After a remarkable career spanning 56 years, the REGAL EMPRESS was beached at Alang for scrapping in August of 2009. She was built by Alexander Stephen and Sons of Glasgow, Scotland for Greek Line as the 17,362 gt SS OLYMPIA in 1953. The handsome ship was the first transatlantic newbuild for a Greek company, sporting a rather dashing and modern hull form, curvaceous superstructure and a streamlined, cone-shaped funnel. She was a two clas ship with a capacity of 138 first and 1,169 tourist passengers and a number of interchangeable cabins. For her first two years, the OLYMPIA operated between New York and Bremerhaven with occasional winter cruise service. In 1955, she began crossings from New York to Piraeus. extending the service to Haifa and Alexandria in 1961. OLYMPIA became a full time cruise ship in 1970 with a revised capacity of 1,030 passengers. In 1974, she was laid up at Piraeus, a victim of the fuel crisis.

After six years of deferred maintenance and with her outmoded and expensive steam turbine propulsion, it was largely presumed the OLYMPIA would be joining most of her contemporaries in a Taiwanese scrap yard but she cheated the breakers for an unexpected new career in cruising.

Sally Shipping bought her in 1981 for their Commodore Cruises division and sent her to Germany where her turbines were replaced with diesels and she was given the name CARIBE (later CARIBE I).
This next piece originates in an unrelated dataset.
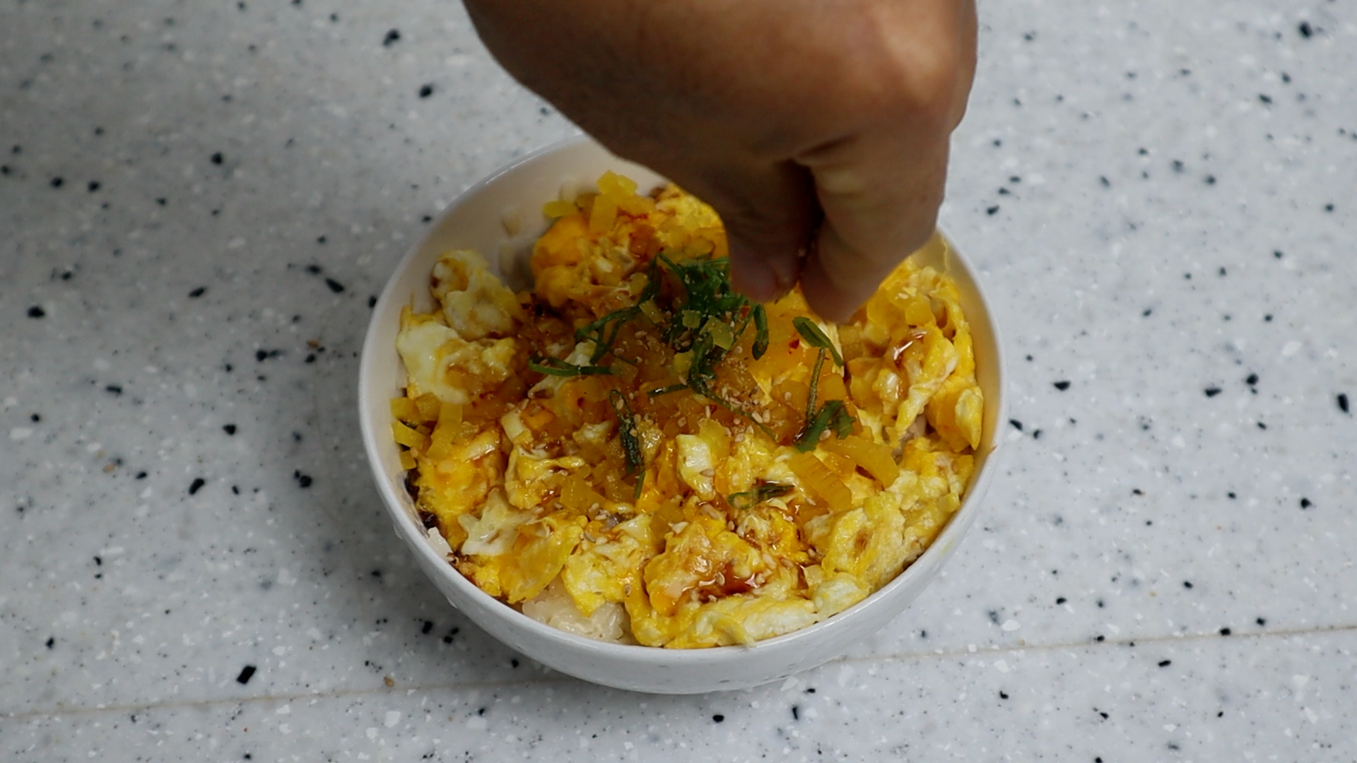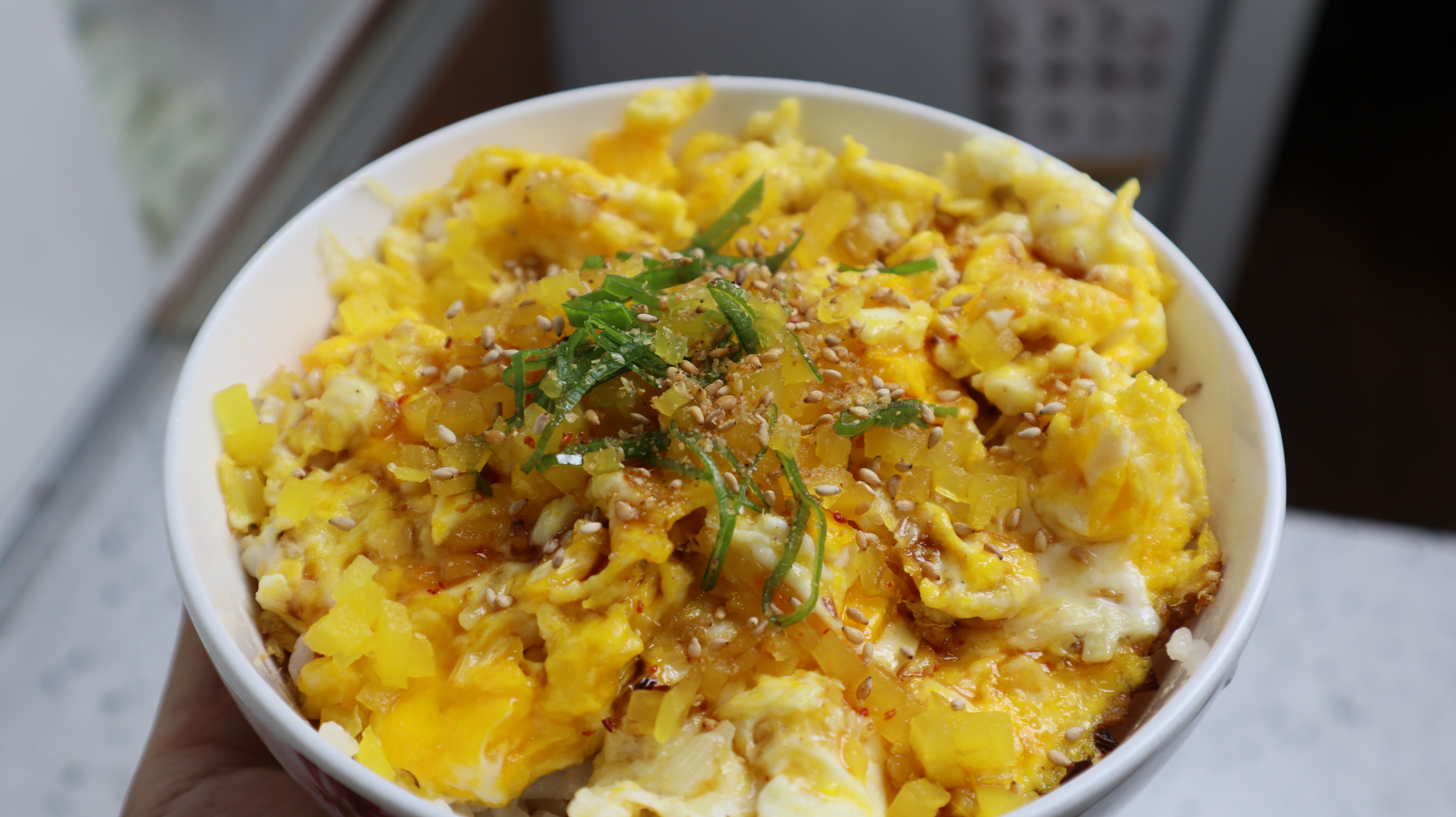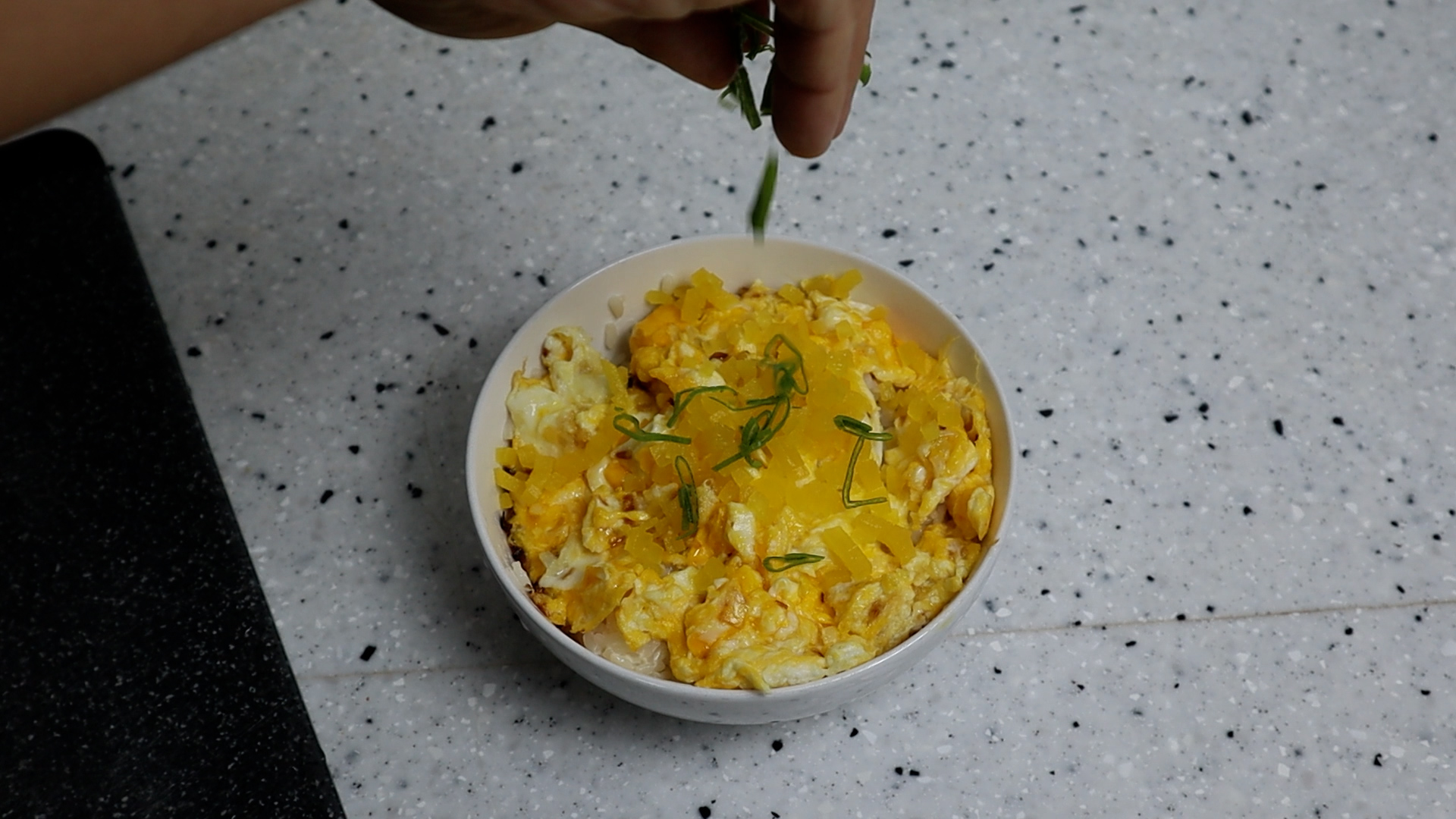 12. 밥위로 계란을 덮어주시고 썰어놓은 단무지 그리고 대파 초록대를 1줌 정도 올려주세요.

Although many of the ship's public spaces were left basically intact, her cabins were largely rebuilt and she was given a more modern profile with a strange new funnel in a grilled crescent shape (replaced with a more shapely stack in 1987). But quite wonderfully, the ship retained teak decks, lustrous paneling, etched glass mirrors, marquetry and original paintings by renowned British artist William Ware.

CARIBE I sailed for Commodore in seven day Caribbean cruise service from Miami until 1993 when she was sold to newly-formed Regal Cruises and renamed REGAL EMPRESS. REGAL EMPRESS was based in New York in the summer and Port Manatee, FL in the winter and managed to attract a loyal following of cruisers who appreciated her old world charms. Balconied cabins were carved out of her forward promenade in a refit in 1997 when the ship was upgraded to conform to new SOLAS regulations.

In 2003, the REGAL EMPRESS was sold to Imperial Majesty Cruises who placed the ship on two night cruises to the Bahamas from Fort Lauderdale. The ship remained in their service until 2009 when a replacement vessel was bought. Unable to conform to new 2010 SOLAS regulations, the ship was sold for scrap in March and sailed off to Alang, where she arrived that August. By March of 2010, the former OLYMPIA had ceased to exist.